THE TASK. Extract every record, exactly as written, and ignore the pictures.

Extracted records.
*** Block opens ***
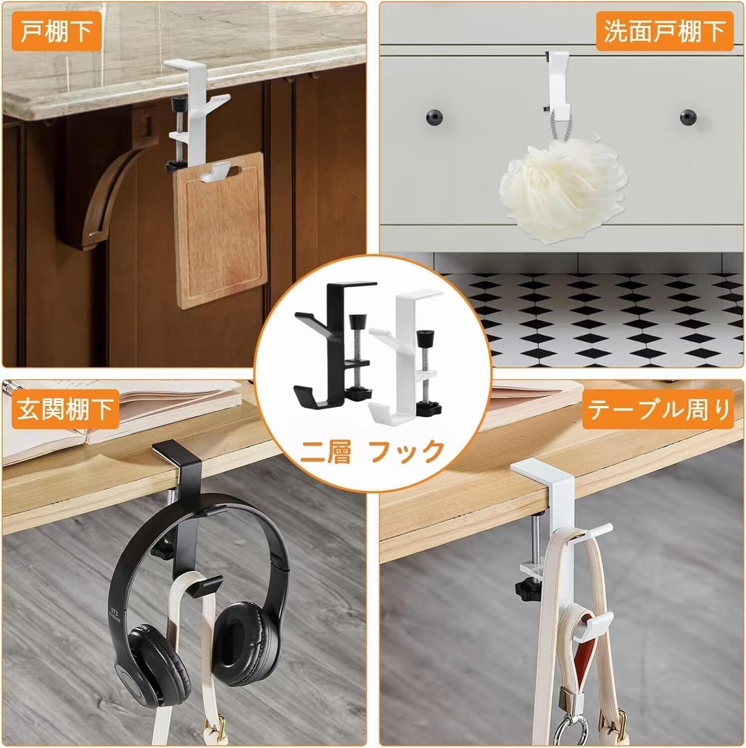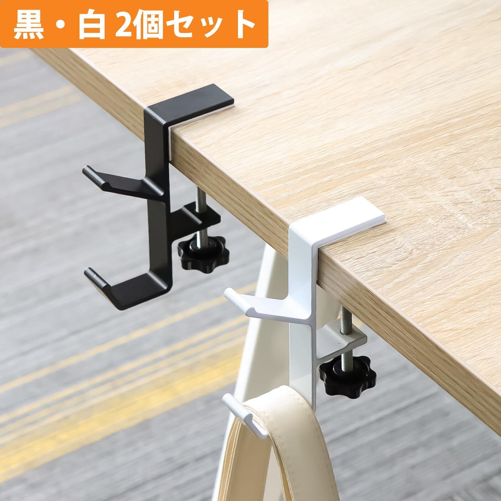 テーブルフック 2個セット デスク 机 フック 固定式/調節可能 机にかけるフック ヘッドホンフック 洗面所 戸棚下 自由に配置可能タイプ(黑/白)
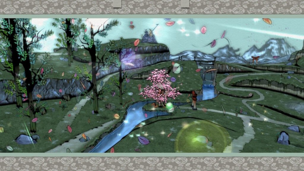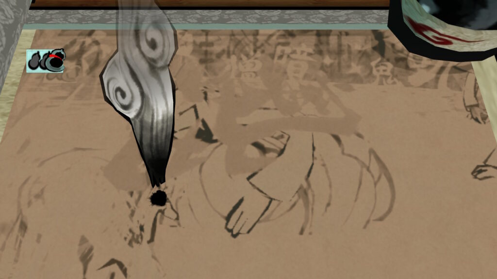 このゲームの特徴は筆調べという、画面上に大きな筆が出現し、壊れた橋を塗りつぶせば復活し、枯れた木をまるく囲めば花が咲くなど筆を駆使して進めていきます。
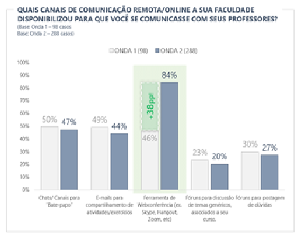Em um questionário de múltiplas escolhas, os estudantes indicaram os principais canais de comunicação com os professores utilizados pelas instituições de ensino superior. O uso de aplicativos de webconferência, como Skype, Hangout, Zoom etc, foi apontado pela grande maioria dos estudantes (84%). Em segundo lugar, com 47%, aparece a utilização de ferramentas de “bate-papo”, os chamados chats. Em seguida, os estudantes indicaram ainda a utilização de e-mails para o compartilhamento de atividades e exercícios (44%), fóruns para postagens de dúvidas (27%) e por último, fóruns para discussão de temas genéricos sobre o curso, com 20%.
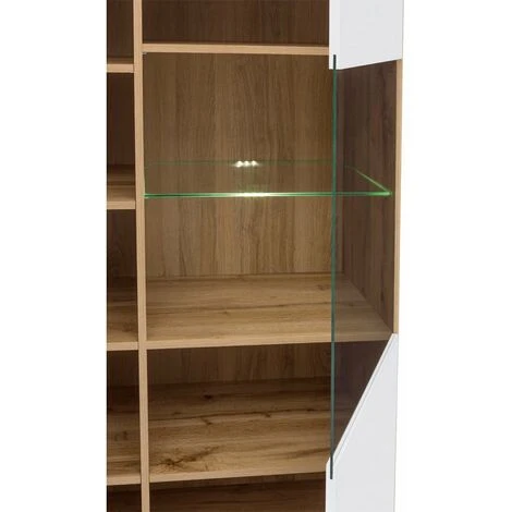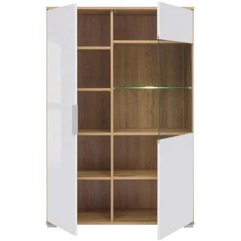 Cette large vitrine double a 2 portes dont une est une face en verre trempé, et 10 compartiments. La face pleine a une poignée minimaliste intégrée dans le bord des faces, tandis que la deuxième partie avec la face en verre s’ouvre au moyen du système push to open. L’offre ne comprend pas l’éclairage, POINTS FORTS: Style scandinave, 2 portes+10 compartiments, Construction spacieuse, Finition: faces en blanc brillant, corps aspect bois, Fabriqué en Europe, CARACTÉRISTIQUES TECHNIQUES: Profondeur 41 cm, Largeur 90 cm, Hauteur 132.5 cm, Matériau : panneau meuble+verre trempé, À monter soi-même, Photos des articles le plus fidèle possible, mais restant non contractuelles, les nuances de couleur et le rendu des matières présentés à l’écran pouvant être différents de la réalité
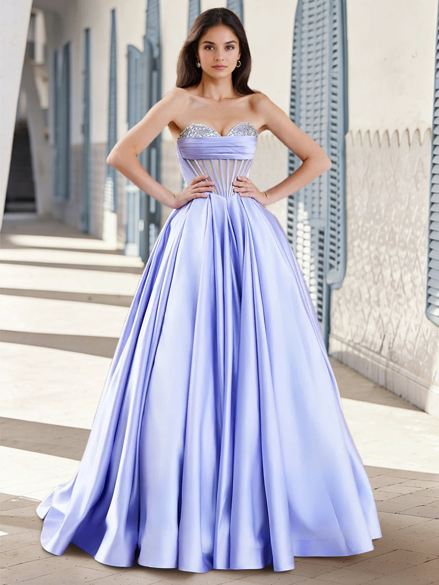 • Ball Gown Long Prom Dresses Satin Formal Dresses Corset Sweetheart Sleeveless Floor-length With Rhinestone Cups
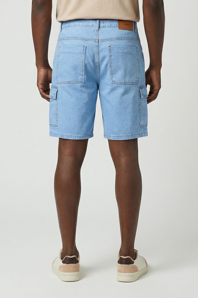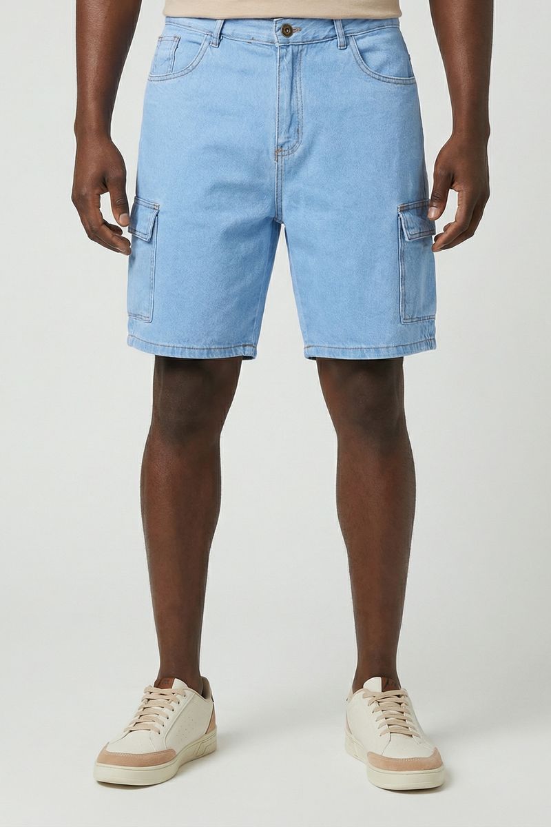 A Bermuda Masculina Cargo Jeans Azul Claro Caedu combina estilo casual e conforto para o seu dia a dia. Feita em denin de tonalidade azul clara, possui design cargo com bolsos laterais e costuras duplas, ideal para quem busca roupas práticas e modernas na moda masculina.
*** Block closes ***
SOLUTION TO THE PROBLEM.
 テーブルフック 2個セット デスク 机 フック 固定式/調節可能 机にかけるフック ヘッドホンフック 洗面所 戸棚下 自由に配置可能タイプ(黑/白)
 このゲームの特徴は筆調べという、画面上に大きな筆が出現し、壊れた橋を塗りつぶせば復活し、枯れた木をまるく囲めば花が咲くなど筆を駆使して進めていきます。
Em um questionário de múltiplas escolhas, os estudantes indicaram os principais canais de comunicação com os professores utilizados pelas instituições de ensino superior. O uso de aplicativos de webconferência, como Skype, Hangout, Zoom etc, foi apontado pela grande maioria dos estudantes (84%). Em segundo lugar, com 47%, aparece a utilização de ferramentas de “bate-papo”, os chamados chats. Em seguida, os estudantes indicaram ainda a utilização de e-mails para o compartilhamento de atividades e exercícios (44%), fóruns para postagens de dúvidas (27%) e por último, fóruns para discussão de temas genéricos sobre o curso, com 20%.
 Cette large vitrine double a 2 portes dont une est une face en verre trempé, et 10 compartiments. La face pleine a une poignée minimaliste intégrée dans le bord des faces, tandis que la deuxième partie avec la face en verre s’ouvre au moyen du système push to open. L’offre ne comprend pas l’éclairage, POINTS FORTS: Style scandinave, 2 portes+10 compartiments, Construction spacieuse, Finition: faces en blanc brillant, corps aspect bois, Fabriqué en Europe, CARACTÉRISTIQUES TECHNIQUES: Profondeur 41 cm, Largeur 90 cm, Hauteur 132.5 cm, Matériau : panneau meuble+verre trempé, À monter soi-même, Photos des articles le plus fidèle possible, mais restant non contractuelles, les nuances de couleur et le rendu des matières présentés à l’écran pouvant être différents de la réalité
 • Ball Gown Long Prom Dresses Satin Formal Dresses Corset Sweetheart Sleeveless Floor-length With Rhinestone Cups
 A Bermuda Masculina Cargo Jeans Azul Claro Caedu combina estilo casual e conforto para o seu dia a dia. Feita em denin de tonalidade azul clara, possui design cargo com bolsos laterais e costuras duplas, ideal para quem busca roupas práticas e modernas na moda masculina.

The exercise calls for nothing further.